Streaming Engine - NBA Data Preprocessing Pipeline

Overview

The streaming engine orchestrates the entire NBA preprocessing pipeline in both batch and streaming modes. The RealTimePipelineRunner class provides adaptive resource management, performance profiling, and comprehensive benchmarking capabilities.

RealTimePipelineRunner Class

Location: ~/workspace/source/NBA Data Preprocessing/task/pipeline/streaming/engine.py:32

Initialization

class RealTimePipelineRunner:
    def __init__(self, config: PipelineConfig)

config

PipelineConfig

required

Pipeline configuration object containing:

random_seed: Reproducibility seed
chunk_size: Default rows per chunk
batch_size: Batch processing size
max_memory_mb: Memory limit
max_compute_units: CPU limit (0-1 scale)
benchmark_runs: Number of benchmark iterations
n_jobs: Parallel job count
adaptive_chunk_resize: Enable dynamic chunk sizing
max_chunk_retries: Max retry attempts for memory-constrained chunks
spill_to_disk: Enable disk spillover for large chunks

Initialization: Location: ~/workspace/source/NBA Data Preprocessing/task/pipeline/streaming/engine.py:33-40

def __init__(self, config: PipelineConfig):
    self.config = config
    set_global_seed(config.random_seed)
    self.ingestor = DataIngestor(config.random_seed)
    self.preprocessor = Preprocessor(config.random_seed)
    self.engineer = FeatureEngineer()
    self.validator = DataValidator()
    self.hardware = HardwareMonitor()

Example:

from pipeline.config import PipelineConfig
from pipeline.streaming import RealTimePipelineRunner

config = PipelineConfig(
    random_seed=42,
    chunk_size=1000,
    max_memory_mb=512,
    max_compute_units=0.8
)

runner = RealTimePipelineRunner(config)

Core Execution Methods

run_batch()

Executes the full pipeline on the entire dataset in memory.

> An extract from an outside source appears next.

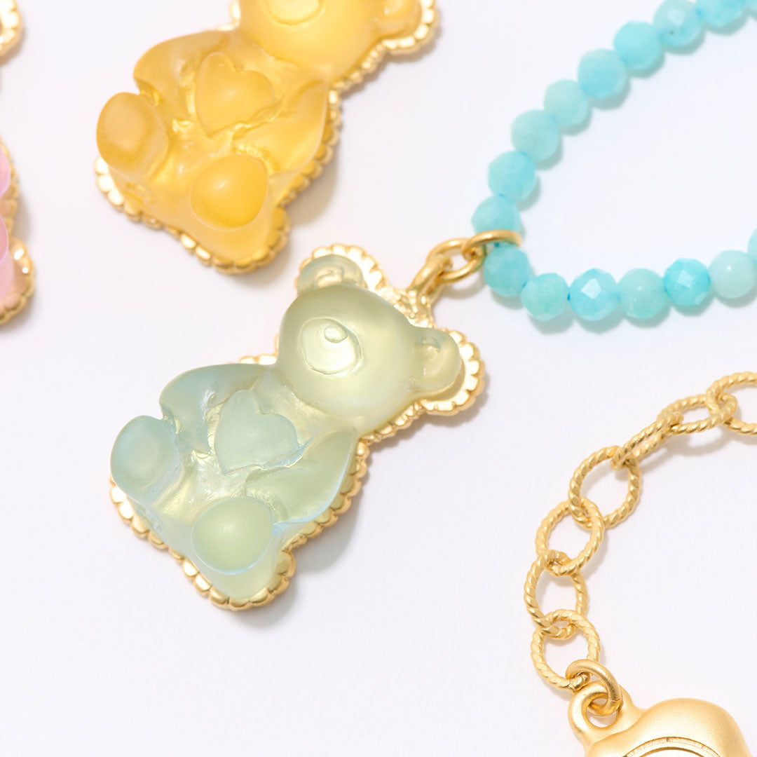 Juicy gummy teddy bear adorned with the sparkle pink tourmaline, a luxurious jewelry with a pop taste. Amazonite with the characteristic white streaks is a symbol of hope, self-expression, and empowering. By wearing it, it helps to promote emotional healing.

Location: ~/workspace/source/NBA Data Preprocessing/task/pipeline/streaming/engine.py:172

def run_batch(self, source: str | Path | pd.DataFrame) -> dict

source

str | Path | pd.DataFrame

required

Data source (file path, Path object, or DataFrame)

Returns: Dictionary with batch execution metrics:

mode: “batch”
rows: Number of rows processed
latency_s: Total execution time
throughput_rows_s: Processing speed
peak_memory_mb: Maximum memory usage
energy_estimate_j: Estimated energy consumption
telemetry: Hardware metrics
model: Model training metrics (RMSE, R²)

Execution Flow: Location: ~/workspace/source/NBA Data Preprocessing/task/pipeline/streaming/engine.py:173-196

def run_batch(self, source) -> dict:
    # 1. Load full dataset
    df = self.ingestor.load(source)
    
    # 2. Start profiling
    start_snapshot = self.hardware.snapshot()
    tracemalloc.start()
    t0 = time.perf_counter()
    
    # 3. Process through pipeline
    X, y = self._process_df(df)
    
    # 4. Measure performance
    elapsed = time.perf_counter() - t0
    _, peak = tracemalloc.get_traced_memory()
    tracemalloc.stop()
    end_snapshot = self.hardware.snapshot()
    
    # 5. Evaluate model
    throughput = len(df) / max(elapsed, 1e-9)
    model_metrics = self._evaluate_model(X, y)
    telemetry = self.hardware.compare(start_snapshot, end_snapshot)
    
    return {
        'mode': 'batch',
        'rows': len(df),
        'latency_s': elapsed,
        'throughput_rows_s': throughput,
        'peak_memory_mb': peak / (1024 * 1024),
        'energy_estimate_j': telemetry.get('rapl_energy_j', elapsed * 45.0),
        'telemetry': telemetry,
        'model': model_metrics
    }

Example:

runner = RealTimePipelineRunner(config)

result = runner.run_batch('data/nba_players.csv')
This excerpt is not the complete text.